WHAT THE TASK ASKS:
All lines below between the line with "本学外国語学部主催の本大会は" and the line with "Rosier à fleurs", including both, must be copied exactly, and the pictures must be omitted.
##### GIVEN RECORDS
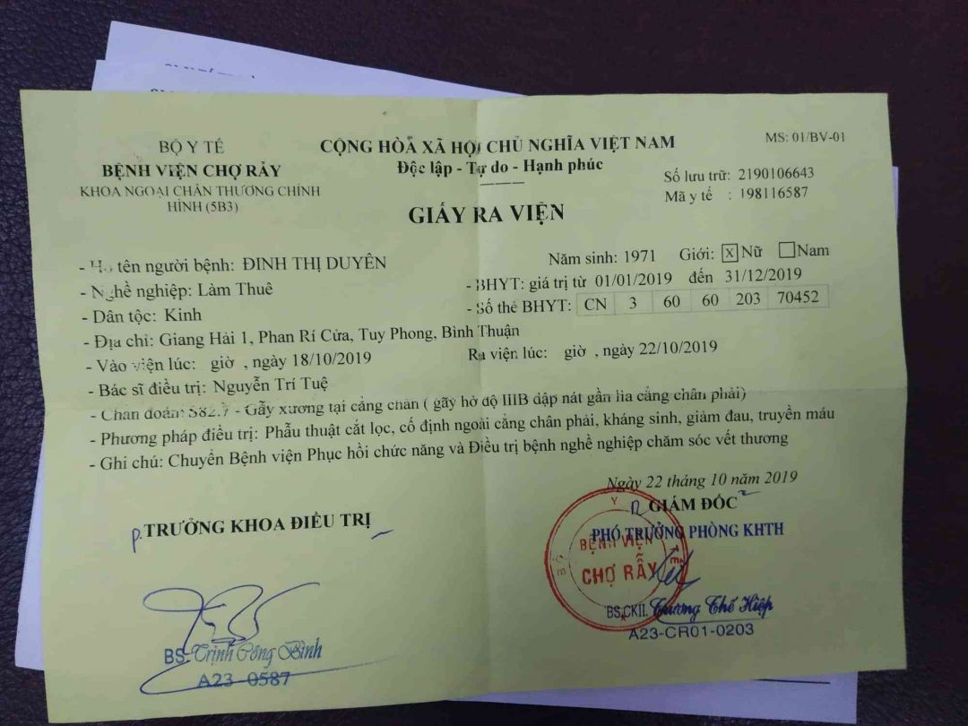 một số thông tin cùng giấy ra viện và hình ảnh xe cấp cứu mà chị Duyên đi về nhà .
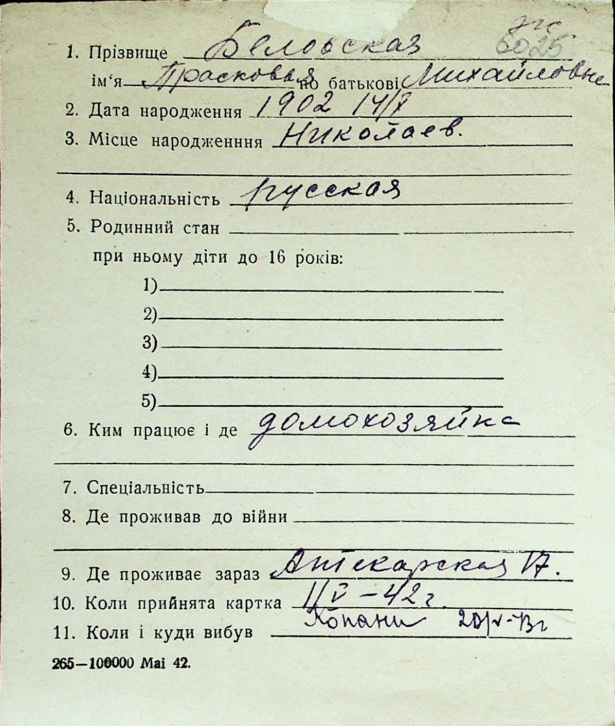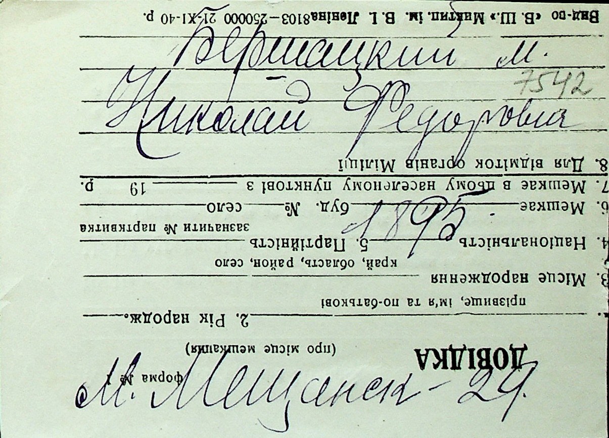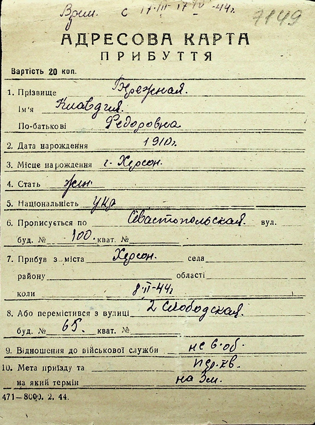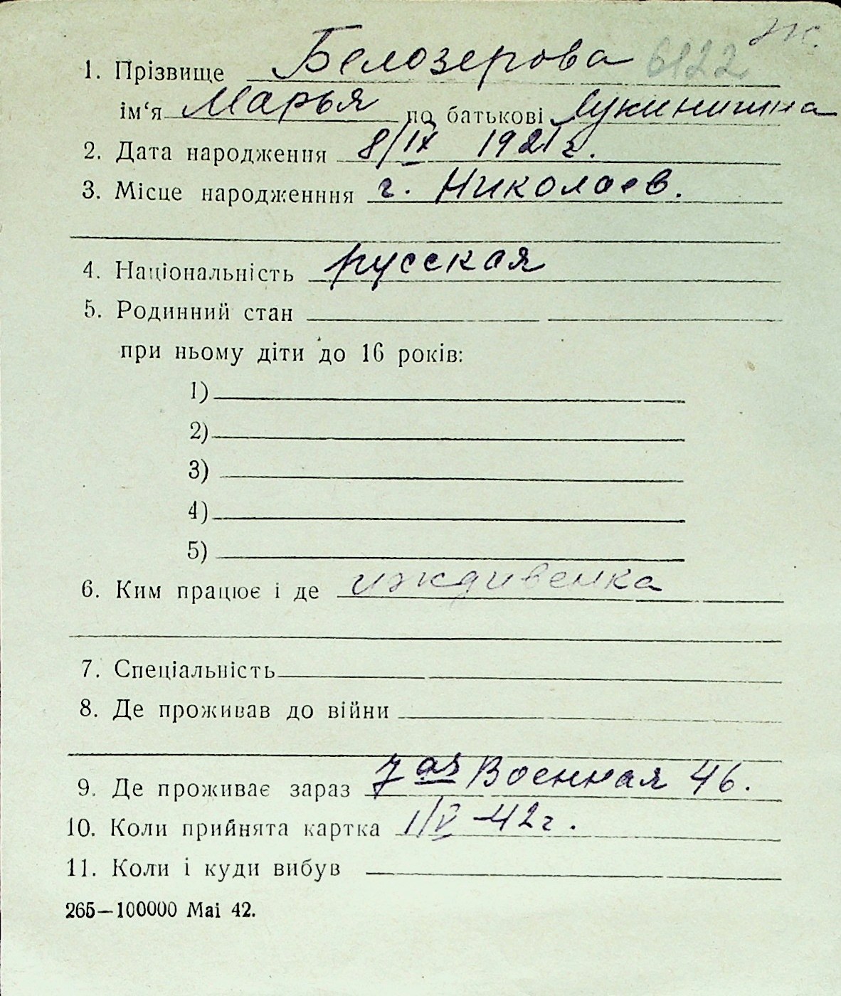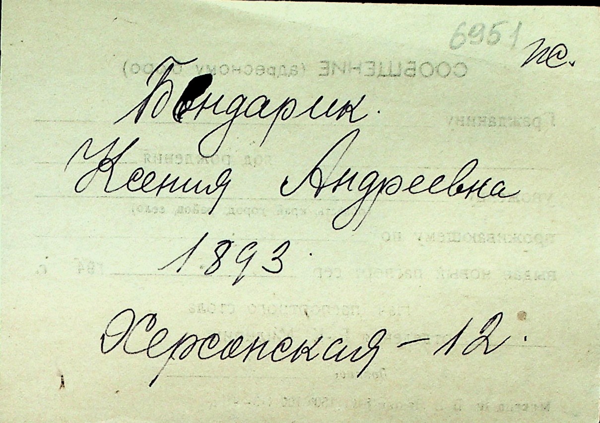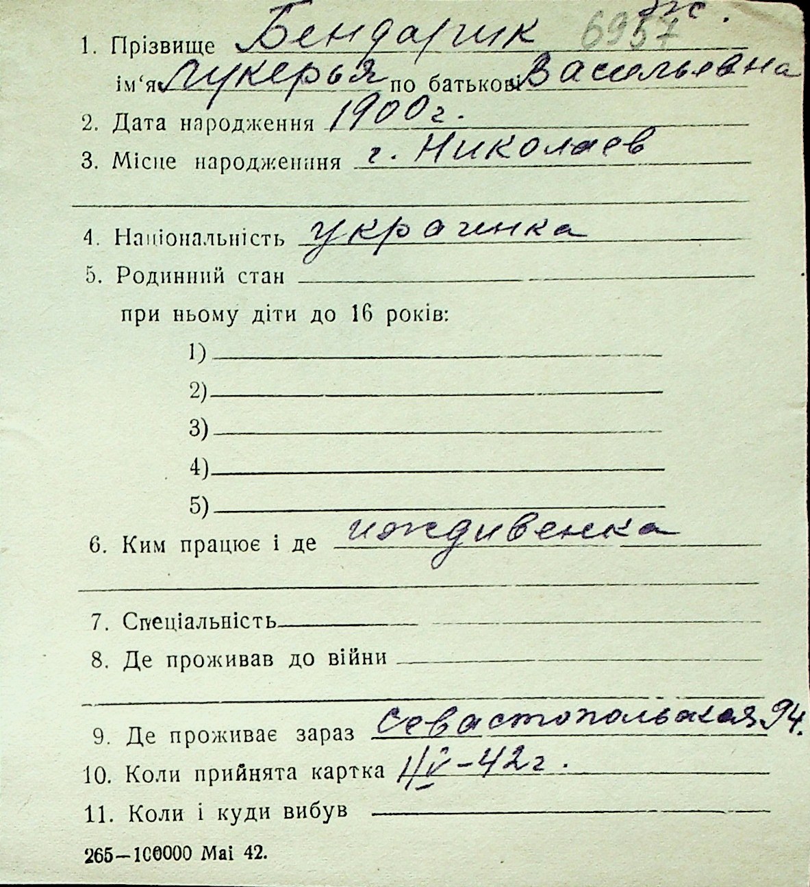 ◦ ◦ Перелік карток на осіб, які мешкали у м. Миколаїв у період окупації 1941–1944 років
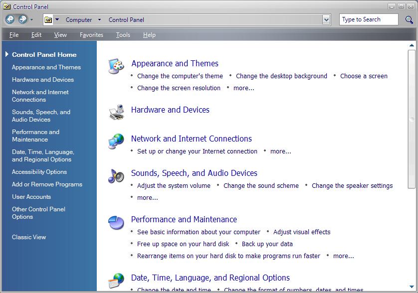 Meiner Meinung nach findet man sich hier besser zurecht als in der Kategorieansicht von XP (Anklicken zum vergrößern)
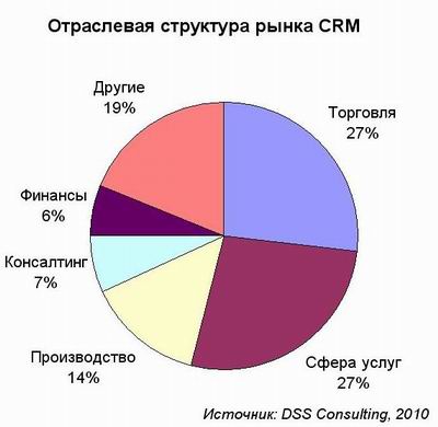 В 2009 году число внедрений систем класса CRM сократилось на 20%, как подсчитали в DSS Consulting. Таким образом, несмотря на заявления со стороны аналитиков о важности в кризисных условиях технологий, ориентированных на поддержку отношений с клиентами, снижение спроса на CRM-системы все же произошло. Однако картина не является однородной: общее число завершенных проектов увеличилось для 10 наименований CRM-систем из 21 постоянно и активно внедряющихся на рынке. В 2009 году основными заказчиками являлись компании с численностью персонала менее 100 сотрудников – доля таких компаний составила 78%, еще 17% - это компании с численностью сотрудников от 100 до 500. В основном CRM-системы внедряют небольшие компании, что в целом соответствует отраслевой структуре спроса: торговые и сервисные компании являются главной движущей силой рынка. По отраслевой принадлежности проектов лидируют именно сферы торговли и услуг (по 27% доли рынка внедрений), далее следуют производственные предприятия (14%). Меньшее, но, тем не менее, значимое число проектов аккумулировали консалтинговые компании и финансовый сектор.
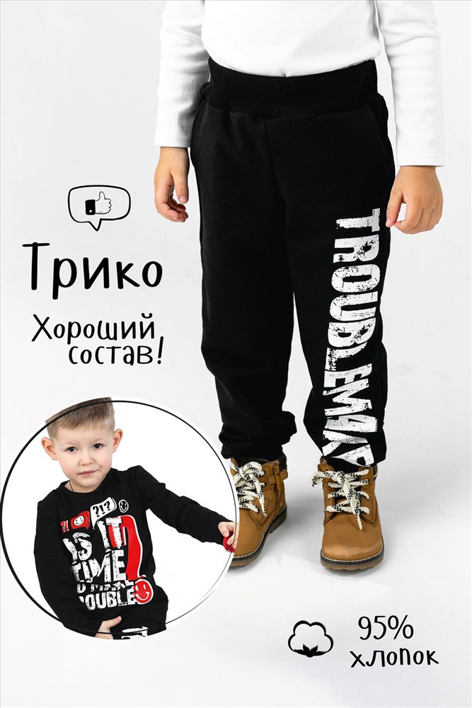 ID товара: 880682 Состав: Хлопок 74%, Полиэстер 21%, Лайкра 5% Сезон: Демисезон Длина: Полная Фасон: Спортивный Вид застежки: Шнурок Рисунок: Надпись Тип карманов: В шве Декоративные элементы: Принт Основная ткань: Футер 2-х нитка Стиль: Спортивный Страна бренда: Россия Страна производства: Россия Брюки для детей дошкольного и младшего школьного возраста из трикотажного полотна футер с лайкрой и кашкорсе. Штаны на поясе из эластичного трикотажа с резинкой внутри, низ брюк на манжете из эластичного трикотажа. На передней части штанин боковые карманы. Комментарии к товару
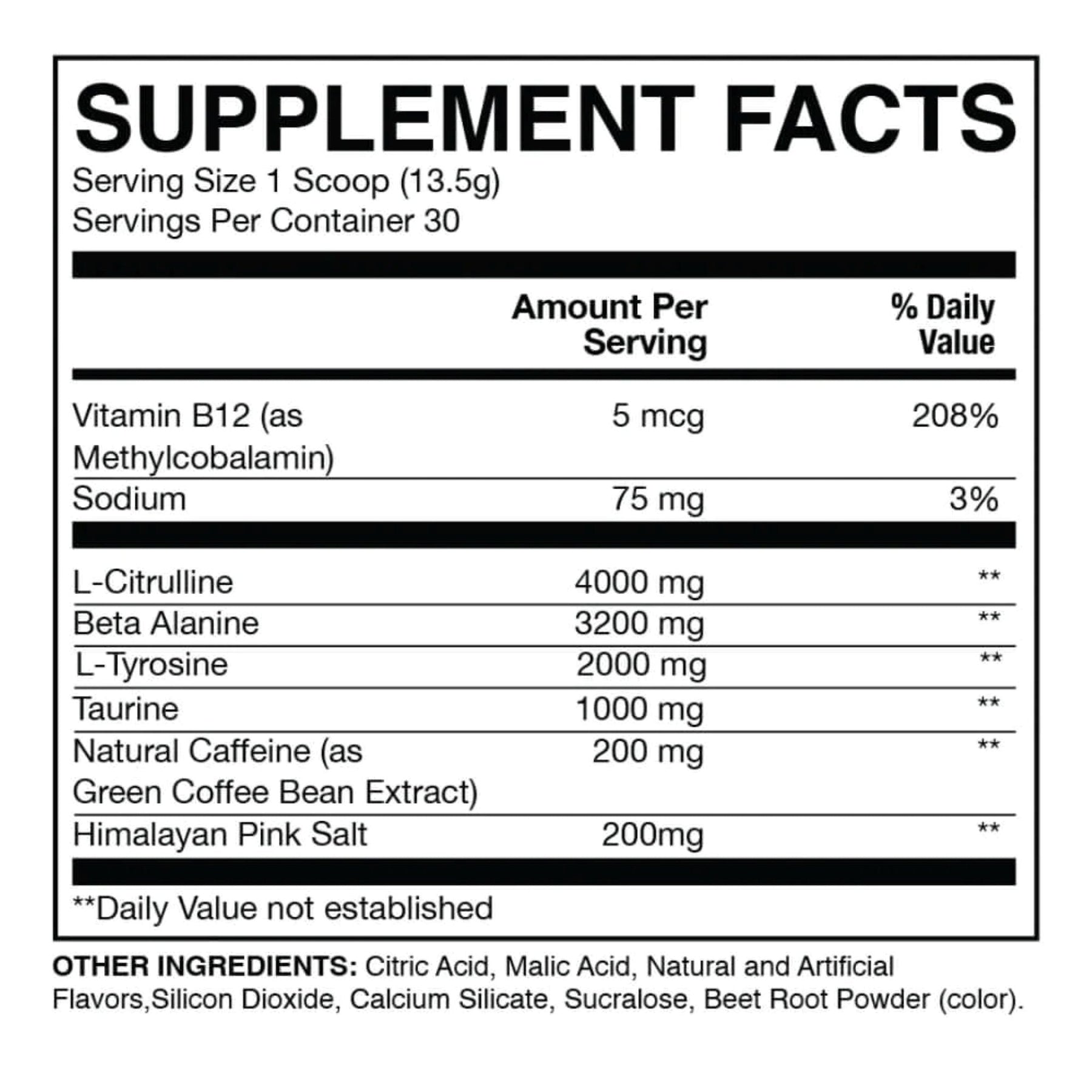 Formula CBUM Essentials include 4 g de citrulină pură pentru pomparea musculara excelenta și recuperare mai rapidă, 3,2 g de beta-alanină pentru a crește rezistența și timpul până la epuizare, 1 g de taurină pentru a optimiza hidratarea celulară și a maximiza funcția musculară, 2 g de tirozină pentru o concentrare mentală mai bună și energie, 200 mg de sare roz de Himalaya pentru a susține hidratarea și echilibrul electrolitic și 200 mg de cofeină naturală pentru energie susținută.
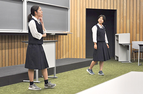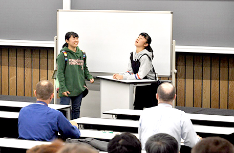 本学外国語学部主催の本大会は、2人一組での対話形式で行うが特徴で、出場者は日頃の問題意識を反映したオリジナルのスキットを、身振り手振りを交えながら披露しました。
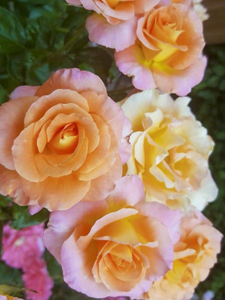 Rosier à fleurs groupées, aux roses bien formées, dans les tons abricot, pêche, orangé et rose. Feuillage sain. Floraison continue de l'été jusqu'aux gelées.
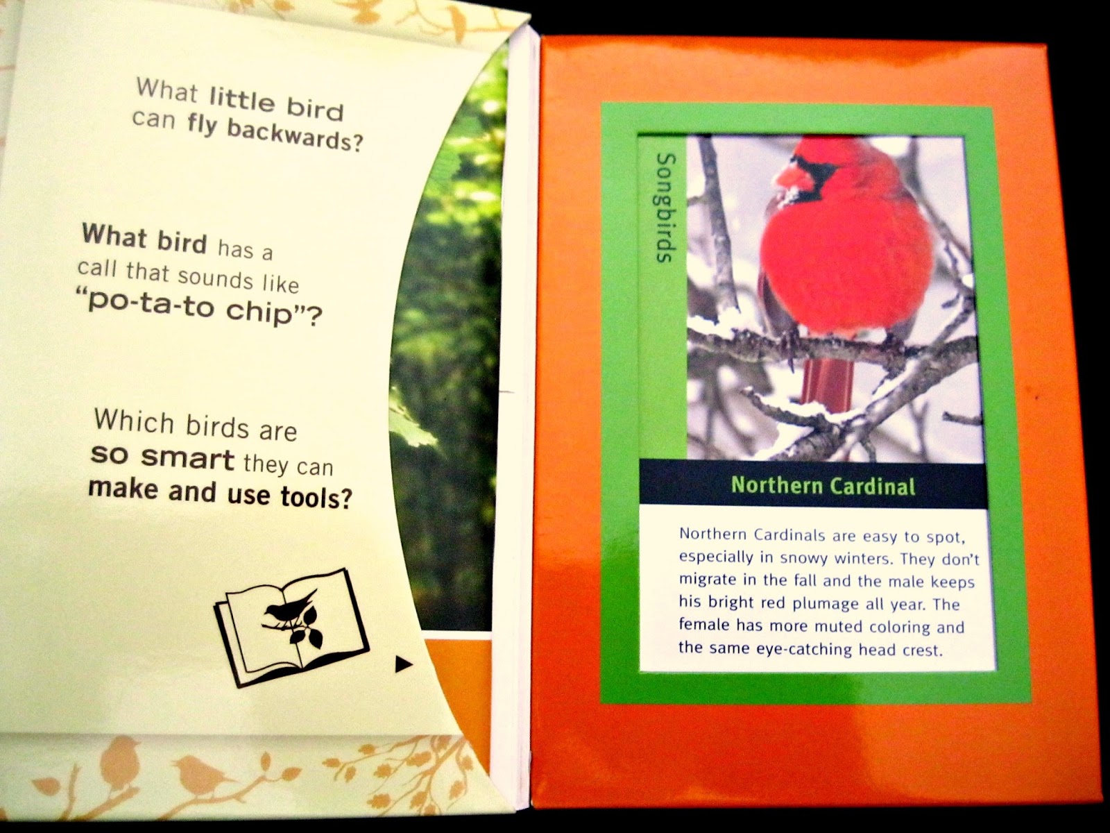 I’ve never been a huge bird type person and rarely remember what even the common birds are called. It’s just not my thing. That’s why this set was so wonderful for me. It gave me a chance to work with my kids on something they liked without having to rely solely on my memory(which really stinks). Makes for happy kids and a happy mommy! They can easily spend hours poring over the books and cards and looking out our large living room window. The only problem is keeping feed in the bird feeders. We even recently got a hummingbird feeder so we could see what hummingbirds we can attract in our area!
##########
OUTPUT FOR THIS TASK:
 本学外国語学部主催の本大会は、2人一組での対話形式で行うが特徴で、出場者は日頃の問題意識を反映したオリジナルのスキットを、身振り手振りを交えながら披露しました。
 Rosier à fleurs groupées, aux roses bien formées, dans les tons abricot, pêche, orangé et rose. Feuillage sain. Floraison continue de l'été jusqu'aux gelées.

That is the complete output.